We, too, are experiencing a new level of our relationship with an openness and trust that had never been there. When I saw my H flirting with this girl last June (long before anything started), I didn't say anything to him, because I didn't want to come across as the jealous wife and didn't want him to get mad. Now look what we're faced with.

He sent me an email a little while ago saying, "Everything is going to be great. Let it go." He wants so much for me to be able to dismiss it and move forward. As much as I want to also (since it does absolutely NO good to wallow in the pain of the past), just like you said, I keep getting the images of them together. That KILLS me! Even this morning when he called me and said beautiful, sexy compliments to me, my first thought was, "Is that we he used to say to her on the cell phone early in the mornings after they had been together?" Oh God, I just can't believe it happened either. When I can get to a happy place, everything is good. I had to leave the house today to go see my MC, because I was going nutz here at home. My MC is more into my dealing with the memories "working thru" the pain rather than trying to focus on the bright side. He's afraid they'll resurface if I don't deal with it now, but I'm sick of dealing with it. It's been ten weeks since I found out; March 6 when my life turned upside down. I am still in total shock. I don't have anyone to talk to about it except two sisters and a MC. I would rather die than anyone else I know to find out about it! Like you, we had a good marriage; at least that's what we thought it was. We never fight. What I mistook for Dr. Phil's rendition of a 'comfortable place to fall', my H viewed as boring. True, there were days when he'd come home from work and I would still be in pjs after having washed 200 loads of clothes or whatever. Not now, I make it a point to get dolled up JUST for him before he gets home. He definitely noticed a difference. It made me feel better too.
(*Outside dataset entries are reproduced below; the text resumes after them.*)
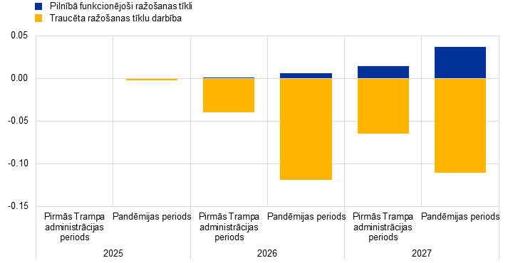 Pirmās alternatīvās tendences gadījumā makroekonomiskā ietekme uz eurozonu ir minimāla, bet otrās alternatīvās tendences gadījumā tā ir būtiska un tāpat kā pandēmijas laikā ietver nopietnākus piegādes ķēžu pārrāvumus. Vispirms pievēršoties rezultātiem apstākļos, kad ražošanas tīkli tautsaimniecībā ir pilnībā funkcionējoši, un izmantojot ECB-BASE modeli, scenārijā, kurā vērojamas tādas pašas piegādes problēmas kā pirmās Trampa administrācijas laikā, rastos tikai minimāls inflācijas spiediens un SPCI inflācija 2027. gadā būtu mazāk par 0.1 procentu punktu augstāka (20. attēls, b) panelis, zilie stabiņi). Scenārijā, kurā šoki ir līdzīgi pandēmijas periodā piedzīvotajiem šokiem, ietekme uz inflāciju būtu būtiski spēcīgāka un SPCI inflācija 2027. gadā būtu par 0.15 procentu punktiem augstāka (20. attēls, b) panelis, zilie stabiņi). Abās jutīguma analīzēs ietekme uz reālo IKP ir nenozīmīga vai nedaudz pozitīva, atspoguļojot pieņēmumu par nemainīgām procentu likmēm, kas, ņemot vērā augstāku inflāciju, ietver reālo procentu likmju kritumu, kas stimulētu aktivitāti (20. attēls, a) panelis, zilie stabiņi). Lai analīze būtu plašāka, izmantots daudzvalstu un daudznozaru modelis, kurā ņemtas vērā saiknes starp ielaidi un izlaidi, kas nosaka, ka citos reģionos papildus piegādes ķēžu traucējumiem cieš arī ražošanas tīkli. Šāds pieņēmums samazina ražošanas ķēžu aizstājamību, izraisot izteiktāku ietekmi (20. attēls, dzeltenie stabiņi). Šajā gadījumā salīdzinājumā ar pamatscenāriju scenārijā, kas līdzinās pirmās Trampa administrācijas laikam, inflācija 2027. gadā varētu būt par 0.1 procentu punktu augstāka, savukārt smagākajā scenārijā, kas līdzinās pandēmijas laikam, – gandrīz par 0.25 procentu punktiem augstāka, un IKP pieaugums būtu nedaudz ierobežots.[19]
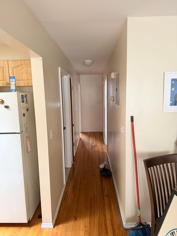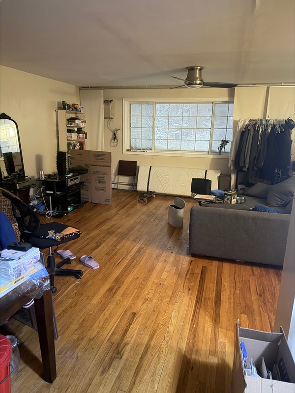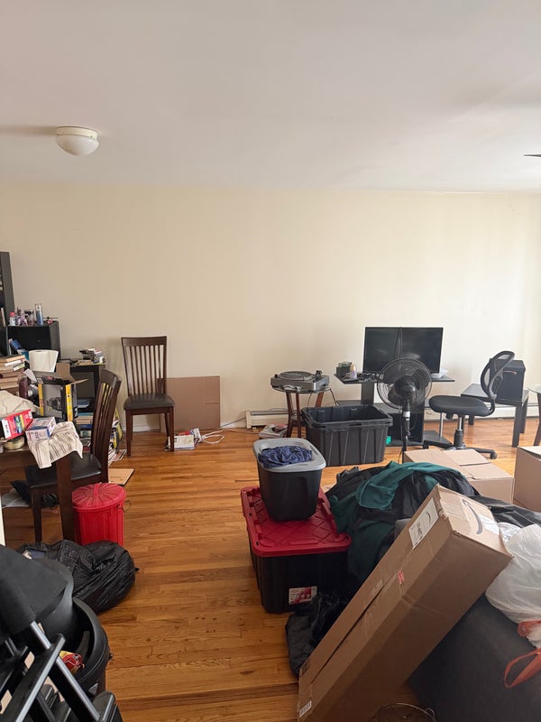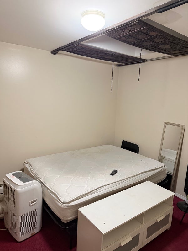 Smaller room available in a 3bed 2bath house. This bedroom will have a shared bathroom with 1 other person. Huge living room space. Kitchen with stove microwave and toaster available. J Train and L train within walking distance. Grocery store and local bars in the area along with laundry. (Excuse the appearance dealing with a move out and everything will be cleaned within a day of this post) Looking for chill individuals to occupy the space. Laid back household and great price
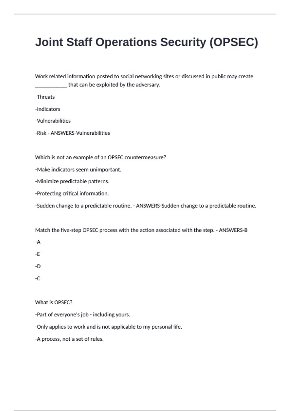 Match the five-step OPSEC process with the action associated with the step. - ANSWERS-B
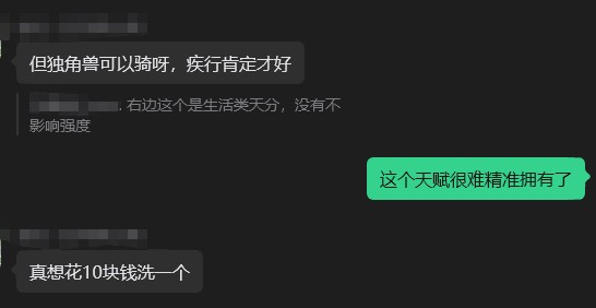 葡萄君的同事也很离谱——他焦虑精灵跑图速度跟不上,发现自己的炫彩独角兽没有疾行词条,就恨不能有个10块钱的付费设计,让他直接洗个特长词条出来。
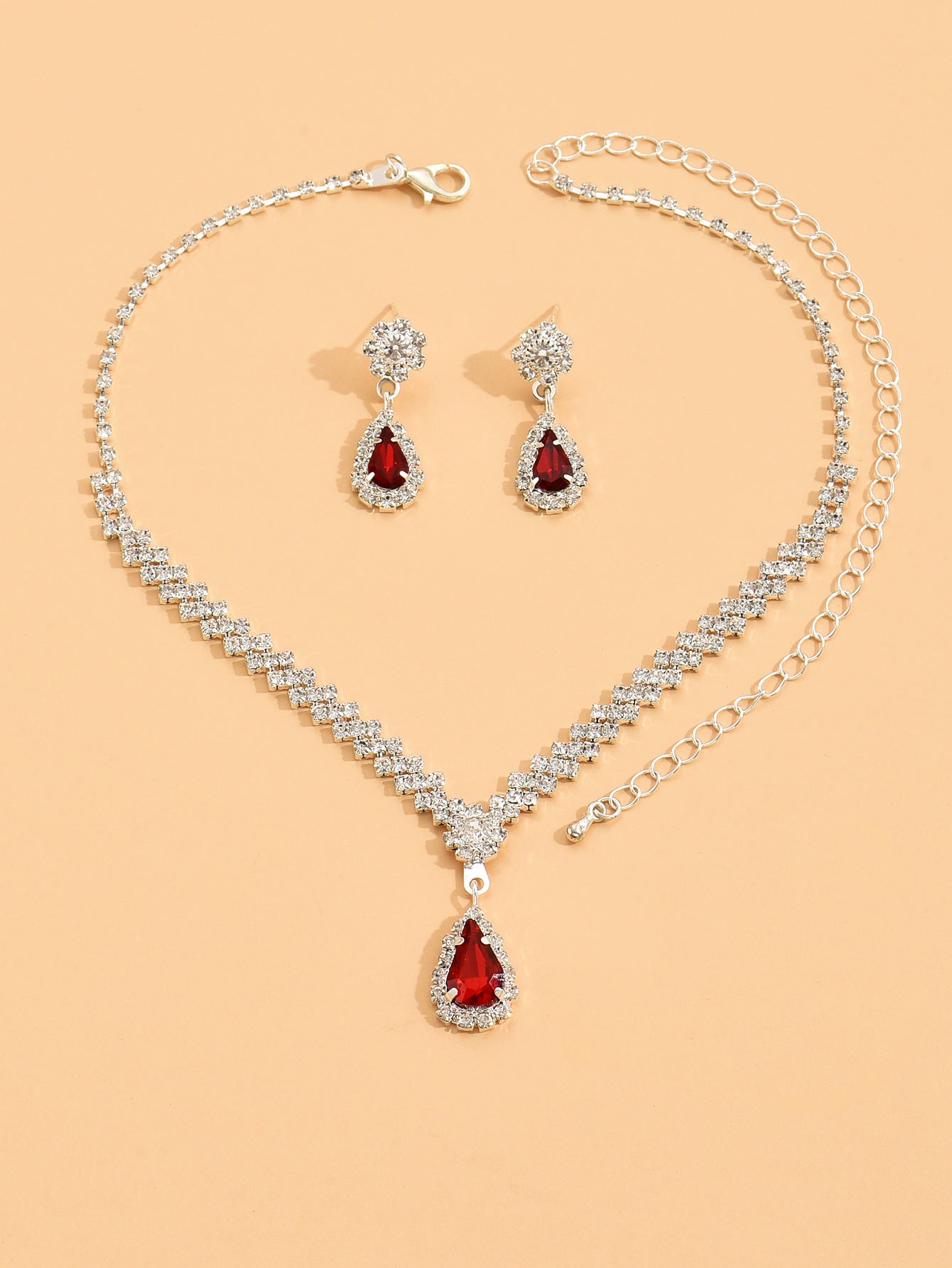 UNI-11363 -Scarlet Red Luxury Diamonds Silver - Jewelry Set
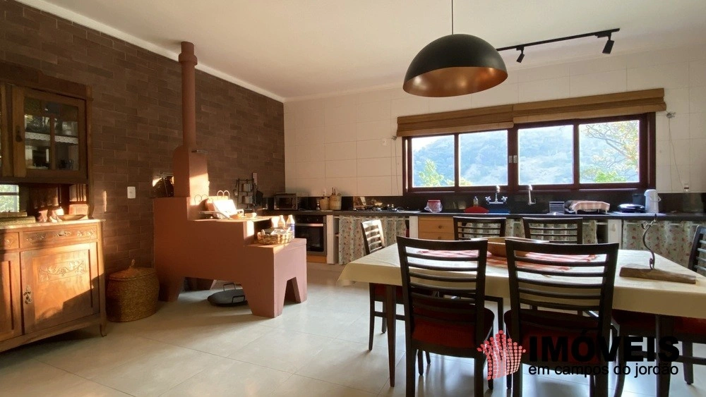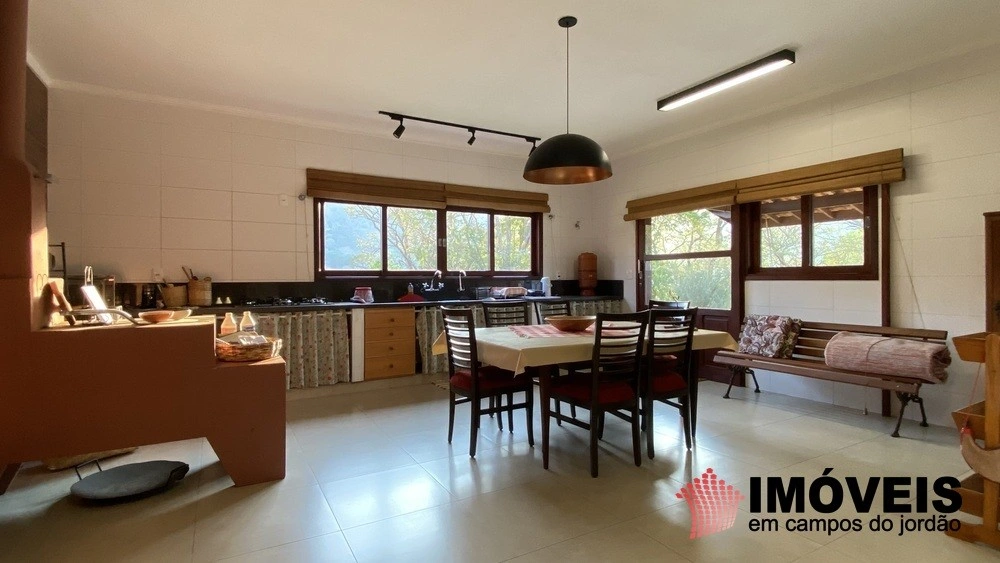 1 cozinha ampla, totalmente equipada : cook top, forno elétrico, fogão a lenha, cristaleira, prateleiras embaixo da pia, gaveteiros, geladeira, freezer, mesa com 6 cadeiras.

Someone on my post yesterday said to try to think of something more recent when you get those images in your head. I've been trying several differnt things. One thing that really pisses me off is to think that this little tramp has this control on me that she doesn't even know or want, and my life and world is much bigger than her and this thing in the past. Like a hangnail, why something like that can hurt so much. I don't want to give her that power but my thinking those thoughts is allowing that to happen.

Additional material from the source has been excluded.